Seánie Barry

Personal information
- Native name: Seánie de Barra (Irish)
- Nickname: Seánie
- Born: 1945 (age 80–81) Rathcormac, County Cork, Ireland
- Occupation: Roman Catholic priest
- Height: 5 ft 11 in (180 cm)

Sport
- Sport: Hurling
- Position: Left wing-forward

Clubs
- Years: Club / Apps (scores)
- 1963-1985 1965-1971 1965-1967 1968-1971: Sarsfields Bride Rovers → UCC → Imokilly / 9 (5-44) 6 (2-40)

Club titles
- Cork titles: 0

College
- Years: College
- 1964-1968: University College Cork

College titles
- Fitzgibbon titles: 2

Inter-county*
- Years: County / Apps (scores)
- 1966-1971: Cork / 12 (4-34)

Inter-county titles
- Munster titles: 2
- All-Irelands: 2
- NHL: 1
- *Inter County team apps and scores correct as of 17:02, 18 April 2015.

= Seánie Barry =

Irish hurler

Seánie Barry (born 1945) is an Irish former hurler and manager. At club level he played with Sarsfields, Bride Rovers, University College Cork and Imokilly and was also a member of the Cork senior hurling team.

==Early life==

Born and raised in Rathcormac, County Cork, Barry first played as a schoolboy in various juvenile competitions at Rathcormac National School before later lining out as a student at St Finbarr's College in Cork. He was a member of the first St Finbarr's team to win the Harty Cup in 1963 before later claiming the All-Ireland title. After beginning his clerical studies at University College Cork in 1964, Barry immediately began a four-year association with the senior hurling team. During that time he won successive Fitzgibbon Cup titles in 1966 and as team captain in 1967.

==Club career==

Barry began his club career at minor level with Sarsfields. In his early playing days he was a goalkeeper and won two East Cork minor hurling titles in that position in 1960 and 1961 before spending his last two years in the grade as a forward. Barry spent a number of years playing junior and intermediate hurling with Sarsfields before becoming eligible to line out at senior level with University College Cork in 1965. He was on the college team that lost consecutive county finals to St. Finbarr's in 1965 and Avondhu in 1966 when he was top scorer.

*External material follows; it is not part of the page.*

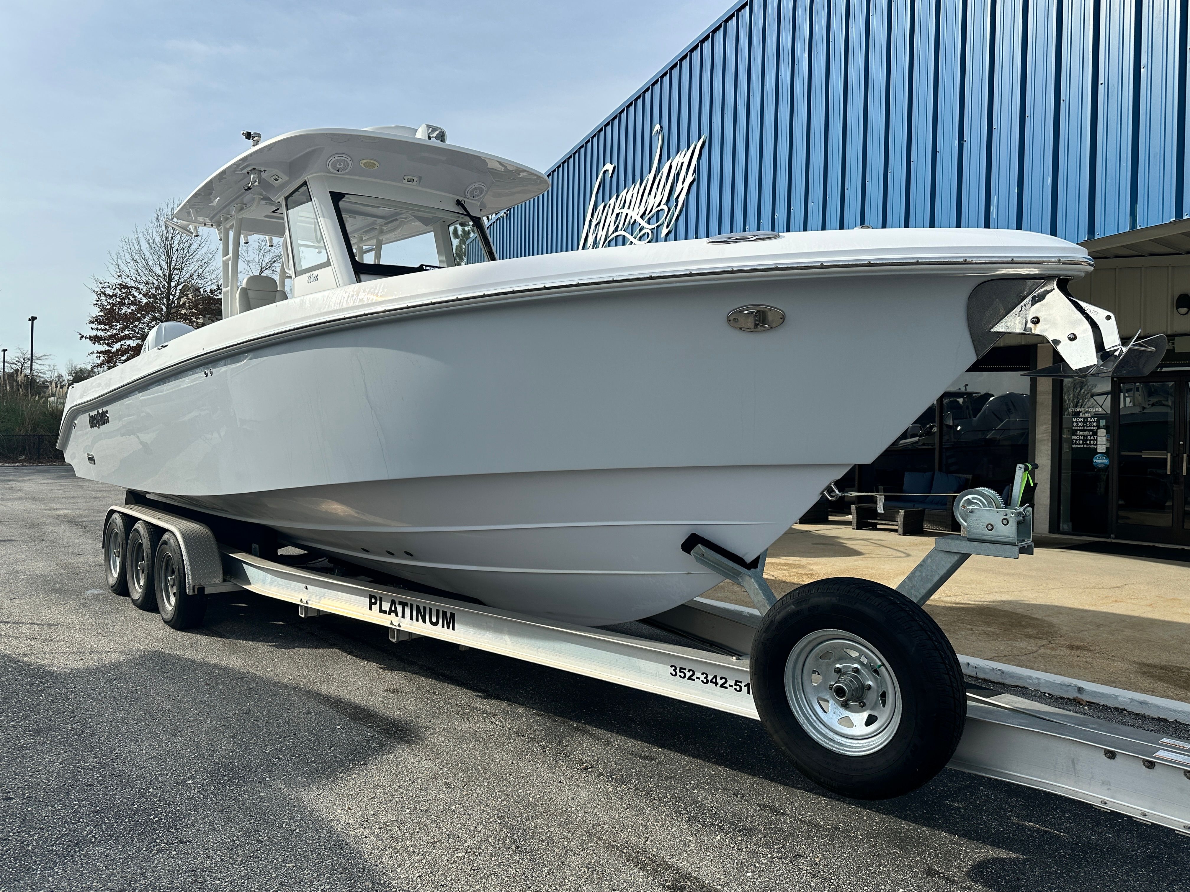 The 2019 Everglades 335 CC is a striking Center Console boat measuring an impressive 34.67 feet in length. This used Everglades boat for sale is meticulously maintained, ensuring you receive a vessel that is both reliable and ready for countless adventures. The sleek lines, modern hull design, and commanding presence of the 335 CC make it a standout on any waterway. With a reputation for durability and innovation, Everglades has crafted this model to deliver both style and substance, making it a sought-after choice among Center Console enthusiasts.

Barry joined the Bride Rovers club after it was reformed in 1964 and was allowed to play on the junior team while simultaneously lining out with University College Cork. He won consecutive East Cork JAHC titles with the club in 1968 and as team captain in 1969. Barry's performances at junior level earned a call-up to the Imokilly team that was beaten by St Finbarr's in the 1968 final.

==Inter-county career==

Barry began a two-year association with the Cork minor hurling team as sub-goalkeeper for the 1962 Munster MHC. He earned a place on the starting fifteen the following year and was at right wing-forward for a second consecutive defeat by Tipperary in the Munster MHC final. After a year away from the inter-county scene, Barry was back with the Cork under-21 and intermediate teams in 1965. He ended the season with an All-Ireland IHC title after a win over London in the final.

Success in the intermediate grade earned Barry a call-up to the Cork senior hurling team and he made his championship debut in a draw with Clare in the opening round of the 1966 Munster SHC. He ended the season with an All-Ireland medal and the honour of being championship top scorer after beating Kilkenny in the 1966 All-Ireland final. Barry was one of a number of players from the senior team who also won an All-Ireland U21HC medal after a defeat of Wexford that season.

Barry was a regular for Cork over the following two seasons, however, his studies for the priesthood resulted in him missing Cork's defeat by Kilkenny in the 1969 All-Ireland final. He returned to the panel shortly afterwards and was part of the Cork team that won the 1969-70 National League title before securing a second Munster Championship title after coming on as a substitute in the defeat of Tipperary in the final. After starting the subsequent All-Ireland semi-final defeat of Antrim at left wing-forward, Barry was an unused substitute for the 6-21 to 5-10 win over Wexford in the 1970 All-Ireland final. His ordination to the priesthood at Easter 1971 effectively brought an end to his playing career and he last lined out for Cork in a tournament game against Limerick later that same year.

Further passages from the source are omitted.